MASK_RCNN_Resnet50(Pytorch版本)

司马萧迟

2023-12-01

MASK_RCNN_Resnet50(Pytorch版本)

配置环境

OS 名称及版本: Microsoft Windows 10 专业版 10.0.17763 暂缺 Build 17763
CUDA版本¹： cuda_11.0.1_451.22_win10.exe
Python版本： Anaconda3-2020.02-Windows-x86_64.exe
Pytorch版本： torch-1.5.0-cp37-cp37m-win_amd64.whl
Torchvision版本： torchvision-0.6.0-cp37-cp37m-win_amd64.whl
IDE名称及版本： pycharm-community-2020.1.1.exe
文档制作软件： typora-setup-x64.exe
浏览器： QQBrowser_Setup_Qqpcmgr_10.5.4043.400.exe
代码管理工具： Git-2.27.0-64-bit.exe
图片标注工具: labelme Version: 4.4.0 (pip方式安装)

包国内源

（1）阿里云 http://mirrors.aliyun.com/pypi/simple/
（2）豆瓣http://pypi.douban.com/simple/
（3）清华大学 https://pypi.tuna.tsinghua.edu.cn/simple/
（4）中国科学技术大学 http://pypi.mirrors.ustc.edu.cn/simple/
（5）华中科技大学http://pypi.hustunique.com/

安装文件

安装coco的api [cocoapi]：主要用到其中的IOU计算的库来评价模型的性能。

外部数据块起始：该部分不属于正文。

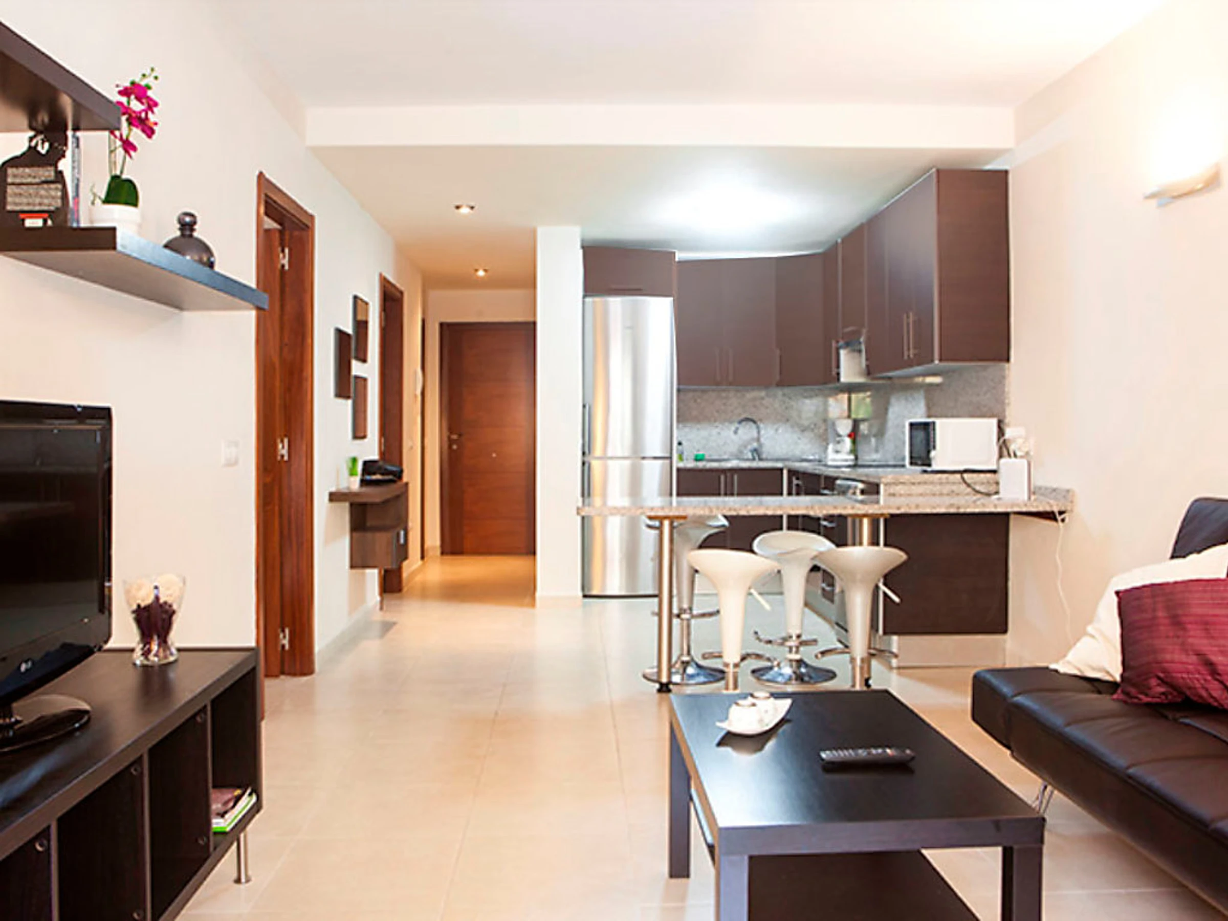 "Residencial El Torreón", 3-room apartment 67 m2, on the ground floor. Comfortable and cosy furnishings: living/dining room with 1 double sofabed, dining table and satellite TV (flat screen). Exit to the terrace. 1 room with 1 french bed. Exit to the terrace. 1 room with 1 double bed. Open kitchen (oven, dishwasher, 4 ceramic glass hob hotplates, microwave, freezer). Bath/WC. Boiler. Terrace 20 m2. Terrace furniture, deck chairs (2), box-room. Facilities: washing machine, iron. Internet (WiFi, free). Reserved parking.

git clone https://github.com/cocodataset/cocoapi.git
cd cocoapi/PythonAPI
python setup.py build_ext install

数据集 [PennFudanPed]：本教程使用Penn-Fudan的行人检测和分割数据集来训练Mask R-CNN实例分割模型。Penn-Fudan数据集中有170张图像，包含345个行人的实例。图像中场景主要是校园和城市街景，每张图中至少有一个行人，具体的介绍和下载地址如下:

# 下载Penn-Fudan dataset
wget https://www.cis.upenn.edu/~jshi/ped_html/PennFudanPed.zip
# 解压到当前目录
unzip PennFudanPed.zip

mask_rcnn文件

# 网络模型
maskrcnn_resnet50_fpn_coco-bf2d0c1e.pth #预训练的maskrcnn
resnet50-19c8e357.pth                   #没训练的maskrcnn

cd C:\Users\Administrator\.cache\torch\checkpoints
# 将网络模型放入此文件夹
copy {网络模型}

工具文件[vision-master]：在PyTorch官方的references/detection/中，有一些封装好的用于模型训练和测试的函数，其中references/detection/engine.py、references/detection/utils.py、references/detection/transforms.py是我们需要用到的。首先，将这些文件拷贝过来。

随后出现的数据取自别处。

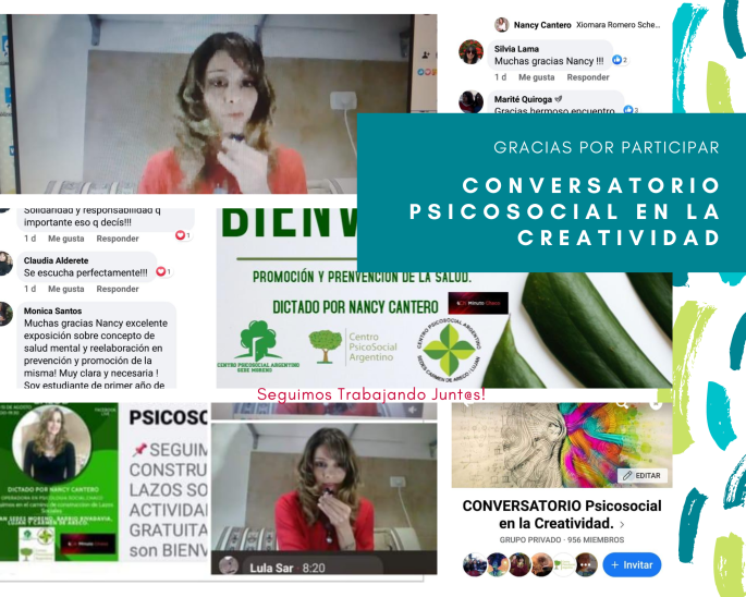 ❤Gracias y Felicitaciones, a los 953 Estudiantes y Trabajadores de la Psicología Social. Por participar en el Conversatorio Psicosocial en la Creatividad, el pasado sábado 15 de agosto. 🍀Gracias Nancy Cantero que, desde la Provincia de Chaco a toda Argentina y países hermanos de Latinoamérica, dicto el encuentro. Compartimos un sábado con herramientas, y nuevas … Sigue leyendo Masiva participación en el Conversatorio Psicosocial en la Creatividad

# Download TorchVision repo to use some files from references/detection
git clone https://github.com/pytorch/vision.git
cd visiongit checkout v0.4.0 
cp references/detection/utils.py ../
cp references/detection/transforms.py ../
cp references/detection/coco_eval.py ../
cp references/detection/engine.py ../
cp references/detection/coco_utils.py ../

数据批处理

# coding:utf-8
__author__ = "Xuyc"
__date__ = "2020/6/19 11:11"
__filename__ = "jsontool.py"

import os

os.chdir(r'..\json')
print(os.getcwd())
for i in os.listdir(r'..\json'):
    print(i)
    os.system(r'python ..\Anaconda3\Lib\site-packages\labelme\cli\json_to_dataset.py "{}"'.format(i))
if not os.path.exists('img'):
    os.mkdir('img')
if not os.path.exists('mask'):
    os.mkdir('mask')
dirs = os.listdir(r'..\json')
jsons = []
for i in os.listdir(r'..\json'):
    if '_json' in i:
        jsons.append(i)
print(jsons)
for i in jsons:
    os.system(r'copy "{}\img.png" "img\{}.png"'.format(i, i))
    os.system(r'copy "{}\label.png" "mask\{}_mask.png"'.format(i, i))

采坑记录

windows安装pycocotools时报错，如下：

cl: 命令行 error D8021 :无效的数值参数“/Wno-cpp”

解决方案：

打开coco\PythonAPI目录下的 setup.py文件，修改ext_modules extra_compile_args=[’-Wno-cpp’, ‘-Wno-unused-function’, ‘-std=c99’]，如下：

from setuptools import setup, Extension
import numpy as np

# To compile and install locally run "python setup.py build_ext --inplace"
# To install library to Python site-packages run "python setup.py build_ext install"

ext_modules = [
　　Extension(
　　　　'pycocotools._mask',
　　　　sources=['../common/maskApi.c', 'pycocotools/_mask.pyx'],
　　　　include_dirs = [np.get_include(), '../common'],

　　　　#修改位置，去掉
　　　　#extra_compile_args=['-Wno-cpp', '-Wno-unused-function', '-std=c99'],
　　　　extra_compile_args=['', '', ''],
　　)
]

setup(
　　name='pycocotools',
　　packages=['pycocotools'],
　　package_dir = {'pycocotools': 'pycocotools'},
　　install_requires=[
　　　　'setuptools>=18.0',
　　　　'cython>=0.27.3',
　　　　'matplotlib>=2.1.0'
　　],
　　version='2.0',
　　ext_modules= ext_modules
)

然后保存setup.py文件，执行。

在测试模型性能的时候，如果出现ValueError: Does not understand character buffer dtype format string (’?’)：

File "build/bdist.linux-x86_64/egg/pycocotools/mask.py", line 82, in encode  File "pycocotools/_mask.pyx", line 137, in pycocotools._mask.encodeValueError: Does not understand character buffer dtype format string ('?)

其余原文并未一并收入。